--- Work required ---
Shown below is a listing with pictures; reproduce exactly, and only, the lines between the ones containing "Hráči FC Barcelona" and "Sandalia para mujer", inclusive, leaving the pictures out.

--- Provided records ---
# # # #
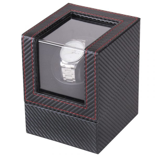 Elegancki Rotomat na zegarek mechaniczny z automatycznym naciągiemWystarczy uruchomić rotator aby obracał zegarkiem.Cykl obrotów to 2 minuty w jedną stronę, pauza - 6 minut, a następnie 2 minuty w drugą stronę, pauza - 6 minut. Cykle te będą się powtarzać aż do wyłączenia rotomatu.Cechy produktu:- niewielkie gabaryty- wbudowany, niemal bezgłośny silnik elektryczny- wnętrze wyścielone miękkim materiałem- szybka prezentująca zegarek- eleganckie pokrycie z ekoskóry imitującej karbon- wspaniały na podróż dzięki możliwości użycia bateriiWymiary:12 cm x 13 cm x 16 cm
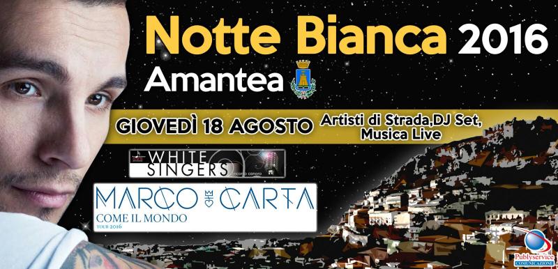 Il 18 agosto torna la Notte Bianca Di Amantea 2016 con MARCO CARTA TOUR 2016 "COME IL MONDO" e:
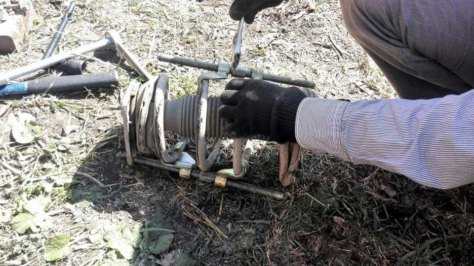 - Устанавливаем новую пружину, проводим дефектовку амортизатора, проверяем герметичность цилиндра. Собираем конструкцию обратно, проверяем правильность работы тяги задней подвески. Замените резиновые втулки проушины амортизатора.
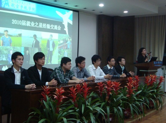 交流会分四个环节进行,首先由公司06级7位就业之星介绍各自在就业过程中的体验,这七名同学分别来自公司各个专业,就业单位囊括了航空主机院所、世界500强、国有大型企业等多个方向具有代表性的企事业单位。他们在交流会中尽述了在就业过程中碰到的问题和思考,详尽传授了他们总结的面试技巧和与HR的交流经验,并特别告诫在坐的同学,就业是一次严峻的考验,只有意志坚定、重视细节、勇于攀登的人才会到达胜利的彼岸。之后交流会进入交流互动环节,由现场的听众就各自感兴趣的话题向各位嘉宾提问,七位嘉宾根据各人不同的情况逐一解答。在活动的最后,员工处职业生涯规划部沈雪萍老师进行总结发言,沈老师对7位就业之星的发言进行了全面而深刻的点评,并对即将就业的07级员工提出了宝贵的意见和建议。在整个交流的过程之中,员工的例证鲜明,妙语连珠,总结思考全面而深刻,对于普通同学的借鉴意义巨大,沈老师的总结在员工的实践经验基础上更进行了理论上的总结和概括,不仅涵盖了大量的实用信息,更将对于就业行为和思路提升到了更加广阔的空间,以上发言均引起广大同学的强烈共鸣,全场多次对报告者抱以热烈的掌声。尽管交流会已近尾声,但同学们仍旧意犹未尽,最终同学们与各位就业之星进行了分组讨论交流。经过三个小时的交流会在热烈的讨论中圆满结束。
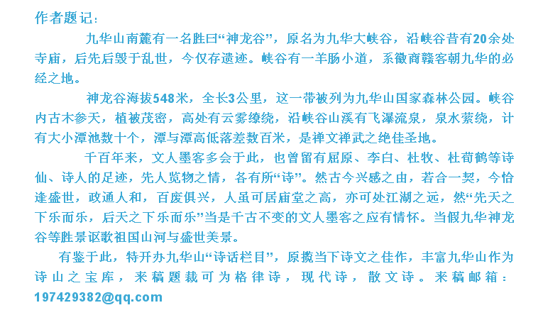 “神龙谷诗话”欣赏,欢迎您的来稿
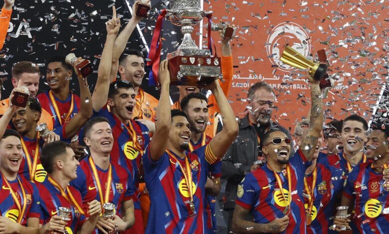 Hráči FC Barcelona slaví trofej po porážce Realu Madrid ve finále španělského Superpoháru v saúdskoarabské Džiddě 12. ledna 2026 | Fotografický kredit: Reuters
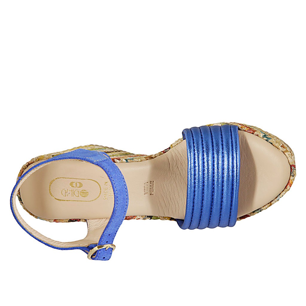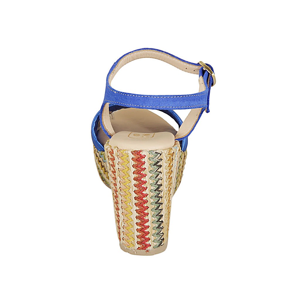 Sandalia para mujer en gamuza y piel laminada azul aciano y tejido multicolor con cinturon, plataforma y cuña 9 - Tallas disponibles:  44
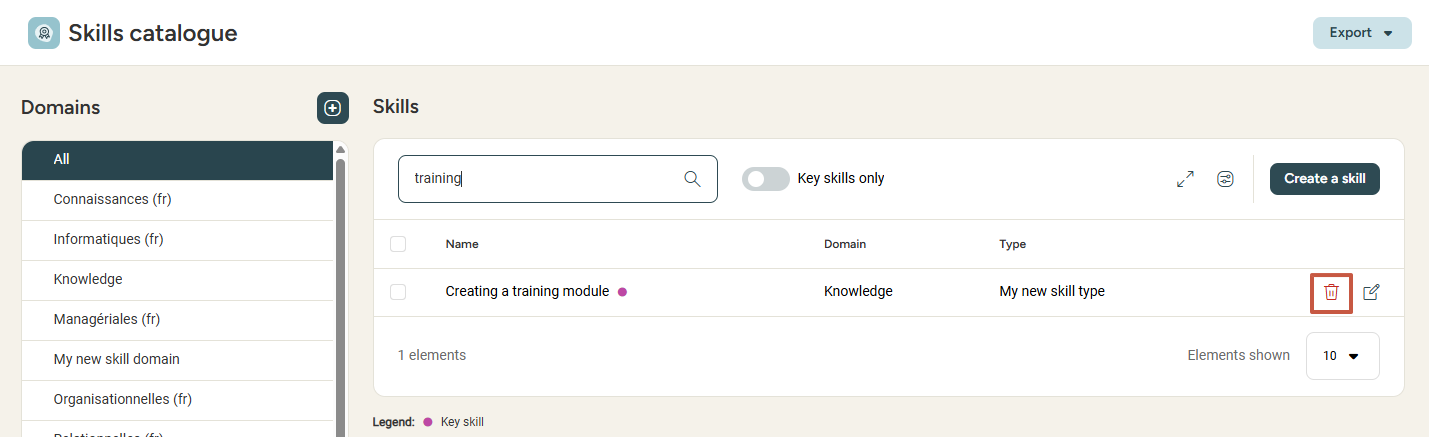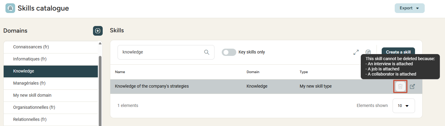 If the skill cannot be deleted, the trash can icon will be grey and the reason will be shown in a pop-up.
# # # #
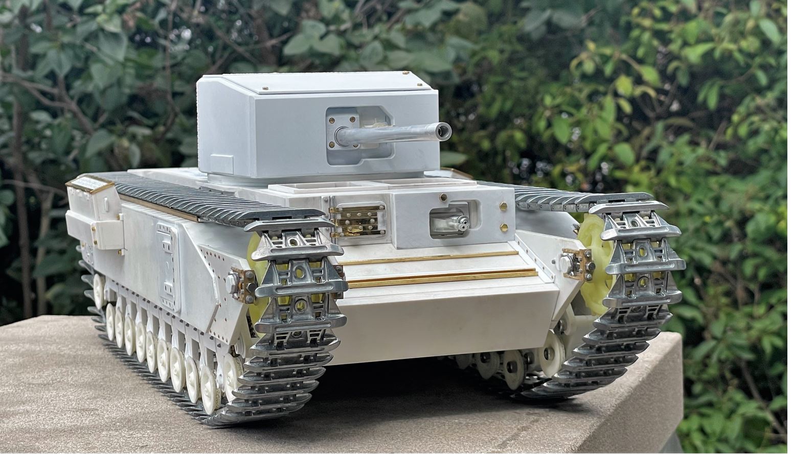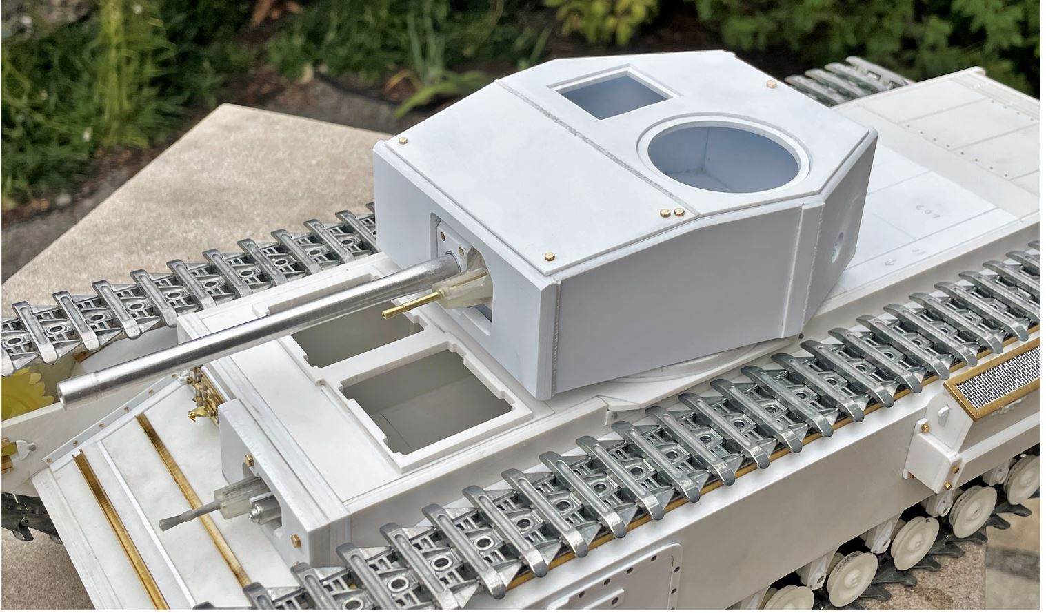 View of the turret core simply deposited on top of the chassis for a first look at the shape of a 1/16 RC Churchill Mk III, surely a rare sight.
# # # #
--- Answer for the task ---
 Hráči FC Barcelona slaví trofej po porážce Realu Madrid ve finále španělského Superpoháru v saúdskoarabské Džiddě 12. ledna 2026 | Fotografický kredit: Reuters
 Sandalia para mujer en gamuza y piel laminada azul aciano y tejido multicolor con cinturon, plataforma y cuña 9 - Tallas disponibles:  44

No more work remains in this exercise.